In short, the story is not quite the one of neat intellectual fusion that Rosenfeld presents. Slippery and elusive, common sense and le bon sens followed different paths that never quite intersected. Yet her larger point holds. In Revolutionary America and France, it was not enough to establish democracy by declaring the rational principle that ‘all men are created equal,’ or to call this ‘self-evident’, as Jefferson did in the Declaration of Independence. It was necessary to attribute to ‘all men’ (if not, yet, all people) sufficient cognitive ability to understand the principle and act on it – that is to say, to acknowledge their common sense. And as Rosenfeld observes, even as this affirmation of common sense fostered democracy, it immediately started to undermine democratic practice. For while the farmer, the artisan, the shopkeeper and the soldier were all held to possess common sense, other men were not, and therefore faced possible exclusion from the democratic community: for instance, the ‘academician’, the ‘maker of books’ and the philosopher. ‘Too much learning,’ as Thomas Reid had said, ‘is apt to make men mad.’ French counter-revolutionaries (and their British allies) used the language of common sense to deny the legitimacy of elected assemblies and call for the return of the king. Robespierre used it to condemn his Girondin enemies to the guillotine. In the United States, less violently, the young John Quincy Adams used it to portray Jefferson as a French-style revolutionary, and 30 years later, Jacksonian populists turned it with great success against Adams himself. Today, conservative American radio hosts like Rush Limbaugh and Glenn Beck use it to deny the legitimacy of Barack Obama. (Beck, as it happens, is the author of Glenn Beck’s Common Sense: The Case against an Out-of-Control Government, Inspired by Thomas Paine.)
Is there no way to rescue common sense from the likes of Beck, and restore something of its democratic potential? Rosenfeld seems to think not. In her conclusion, she gives a wryly appreciative nod to Tristan Tzara, author of the best-known Dada manifestos, who deliberately embraced ‘nonsense’. ‘It is vital,’ she concludes, ‘that some individuals in the modern world consciously position themselves outside of the reigning common sense and keep a close eye on the complex and powerful work that it does.’ Yet she also examines the attempts by Hans-Georg Gadamer and Hannah Arendt to find a constructive place for common sense in contemporary culture and politics. She points to Arendt’s praise, in On Revolution, of the New England town meeting, and notes how Arendt linked the withering of community feeling to the rise of ideology and totalitarianism. In Arendt’s analysis, what distinguishes constructive common sense from simple collective prejudice is the way it is generated.

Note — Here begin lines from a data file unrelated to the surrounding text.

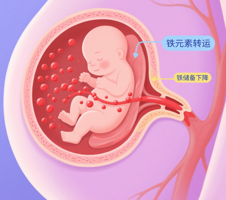 2.宝宝需求量大:胎儿生长发育、制造自身的血液和储存铁质,都需要从母体汲取大量的铁元素。
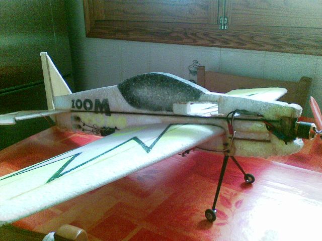 El avión tiene el cdg un poco retrasado, lo intentaré ajustar colocando algún plomo. Decir también que lo más frágil desde mi corta experiencia de 2 días es la bancada del motor, ya se partió dos veces al aterrizarlo, y eso que el más brusco fue el del final del video. Un poco de ciano y arreglado. También cabe señalar que el EPP que cubre las ruedas saltó en el primer aterrizaje.
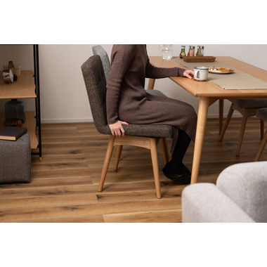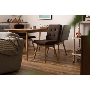 座面回転するダイニングチェア。回転式なのでスペースを取らずに立ち上がりが可能です。
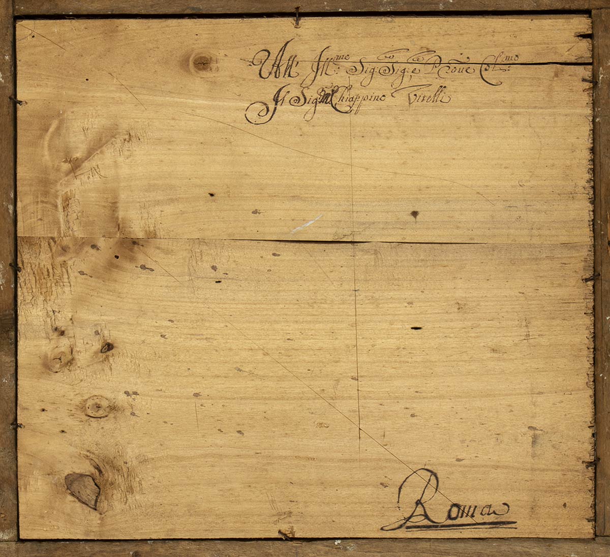 La tavola reca sul retro, in alto al centro, antica iscrizione a penna:"ALL'ILL.MO SIG: SIG: [..] COL.MO IL SIG. CHIAPPINO VITELLI" e in basso a destra iscrizione a penna:"ROMA".
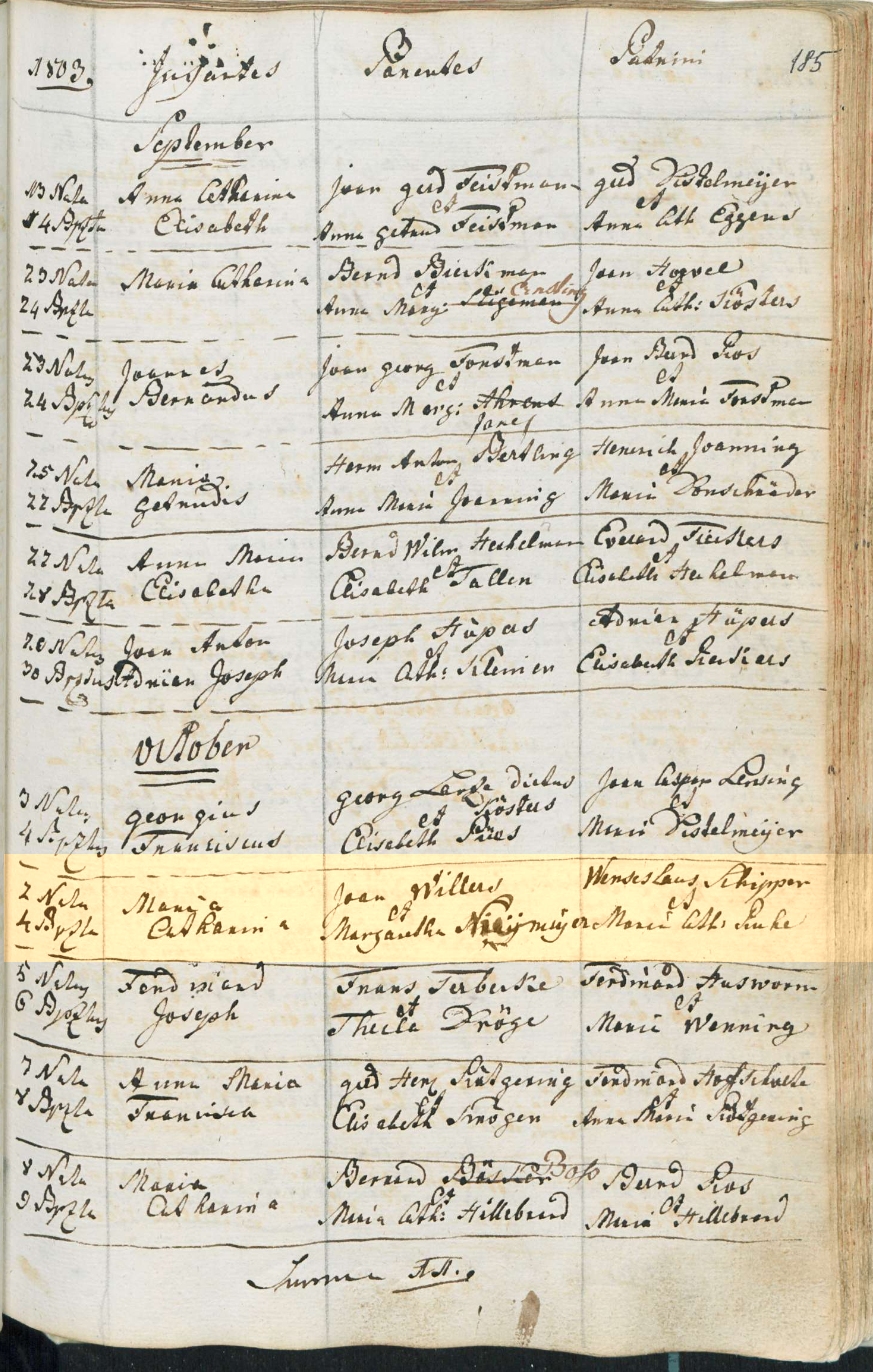 Religion: rk Taufpaten: Wenseslaus Schipper Maria Distelmeyer |

It is one thing when members of a community come together as equals to discuss matters of common interest, another when ideologues use mass meetings or mass media to appeal to anxieties and antipathies, without the possibility of real interaction. True common sense, in other words, is generated ‘in common’. Isolated individuals, by definition, can’t possess it. ‘What individuals require,’ Rosenfeld writes, ‘is the return to a kind of public life that forces them to constantly weigh and consider things from the perspective of other people.’

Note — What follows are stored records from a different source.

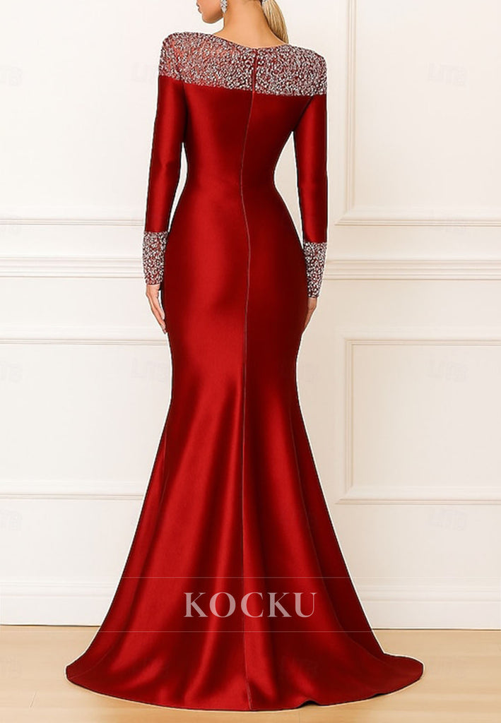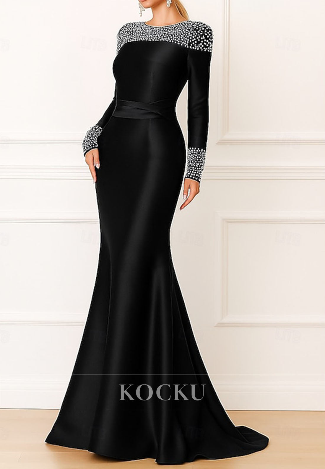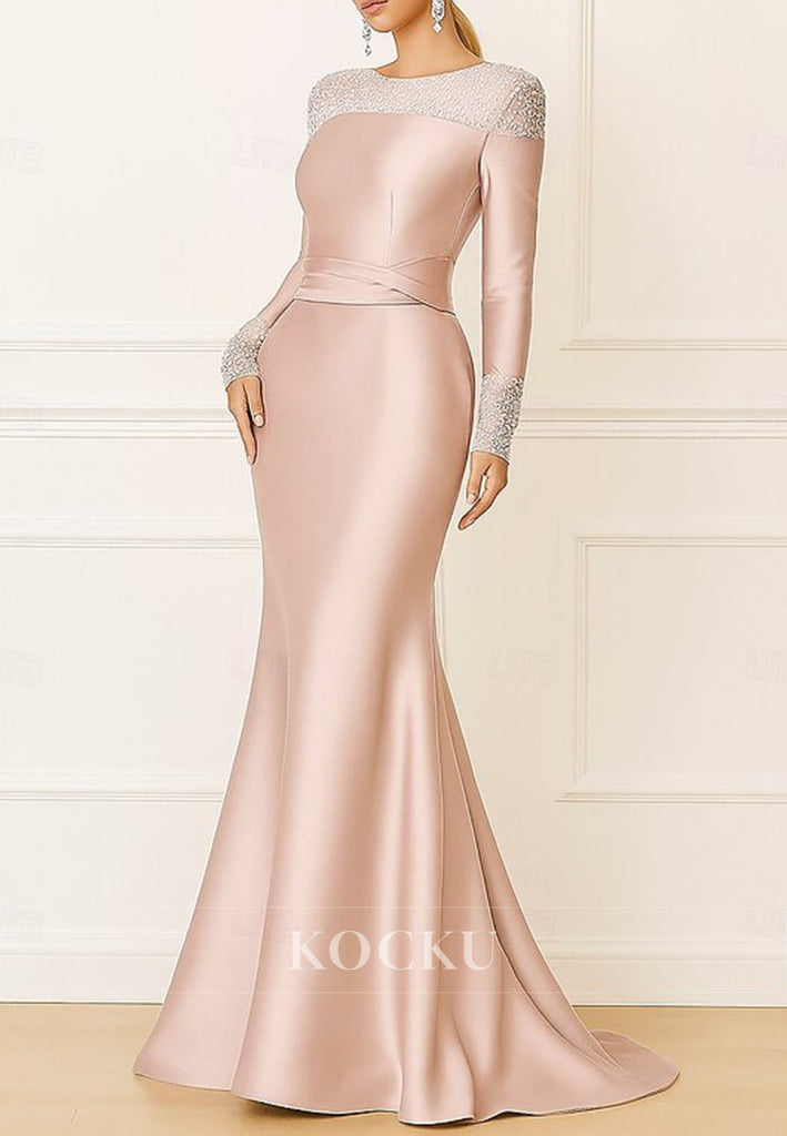 Mermaid Bateau Neck Long Sleeves Beade Satin Evening Gown Mother of the Bride Dress
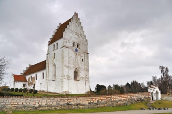 Zabytkowy kościół Keldby Elmelunde Kirke na wyspie Mon w Danii
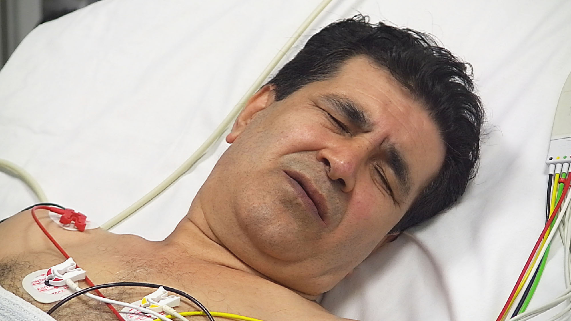 58-årige Jahan har voldsomme smerter i brystet, og lægerne på St George’s hospital i London er bange for, at han er ved at få hjertestop.
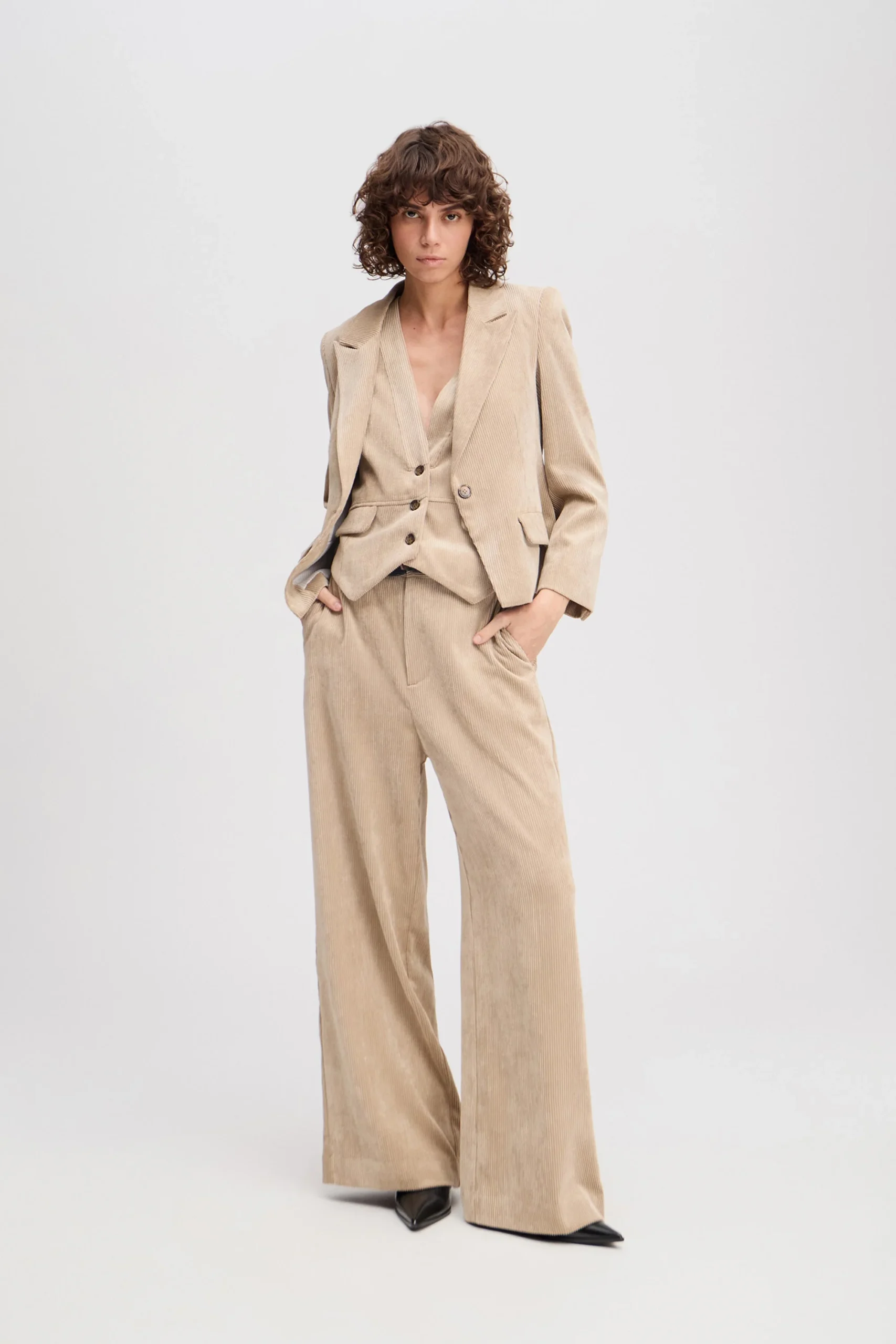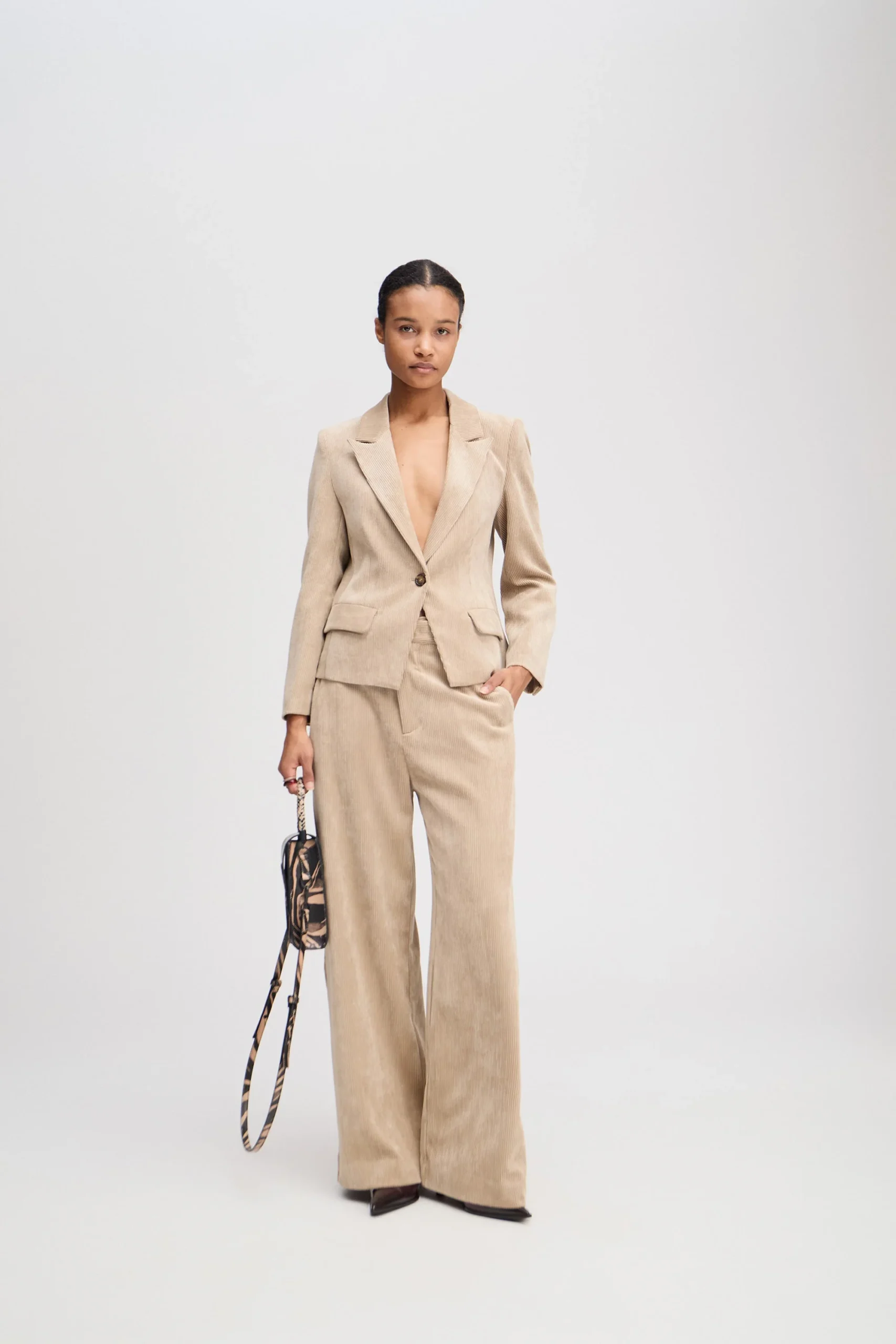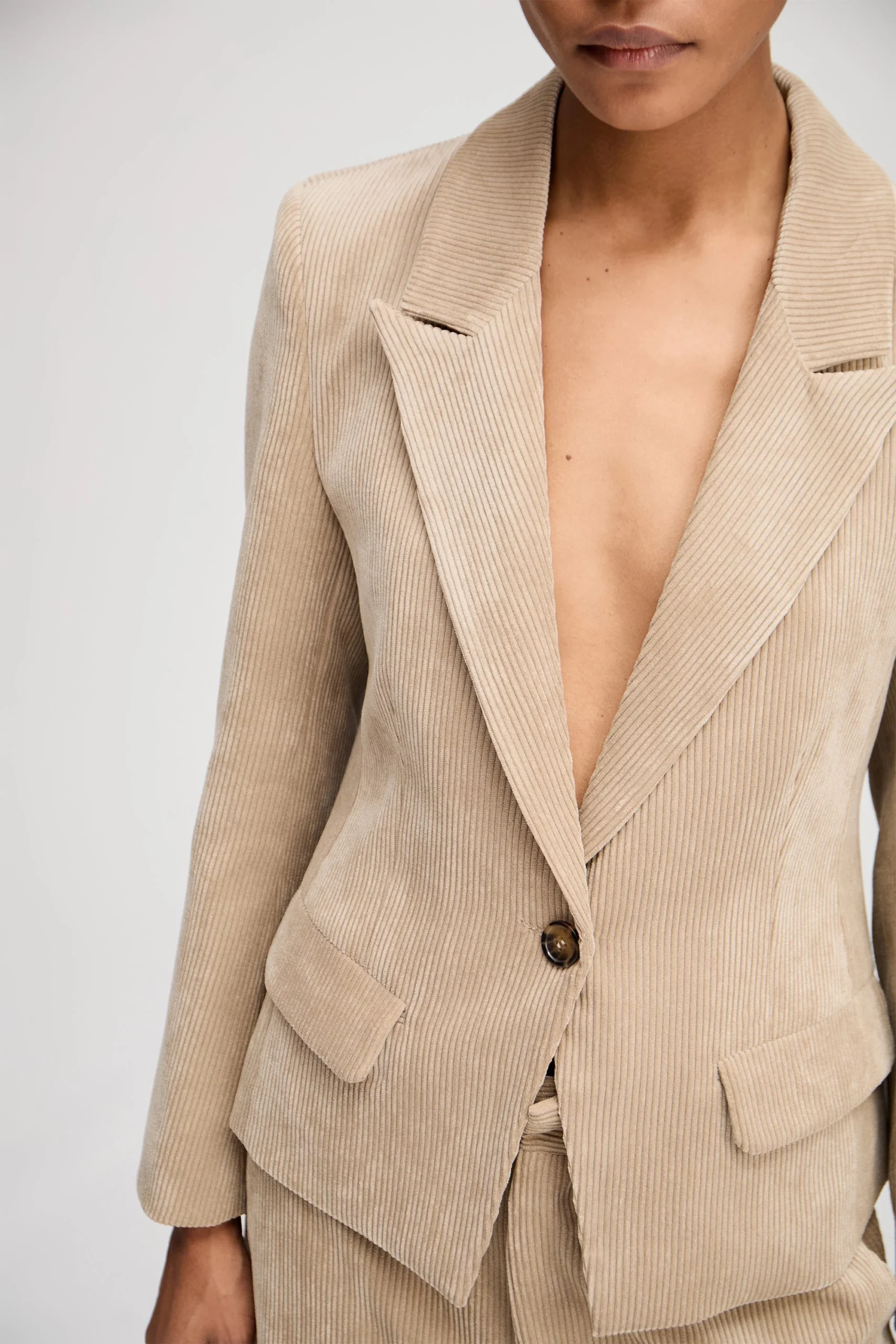 Smuk, kort fløjlsblazer med elegante klaplommer foran. Denne blazer er designet til en tæt pasform og har lige skuldre, lange ærmer og en knaplukning.

She does not speculate on the forms this public life could take in the absence of Arendt’s (partly mythical) town meetings. So far, at least, the internet has proved ill-suited for the sort of give-and-take Arendt envisaged. Participants dip into discussions and then abandon them for something else, while anonymity encourages mud-slinging. Yet our pre-electronic public culture still provides unappreciated opportunities for keeping serious common discussion alive. A well-thought-out letter printed in a newspaper can still challenge conventional wisdom, and cut through obfuscation and deceptive language, just as the 18th-century philosophers hoped. At their best, such exchanges prompt readers to bring their own thinking to bear on problems of common interest, and to formulate reasoned opinions, even if these might sound like mere ‘chattering’. All of which is to say that the readers of the LRB may have some common sense after all.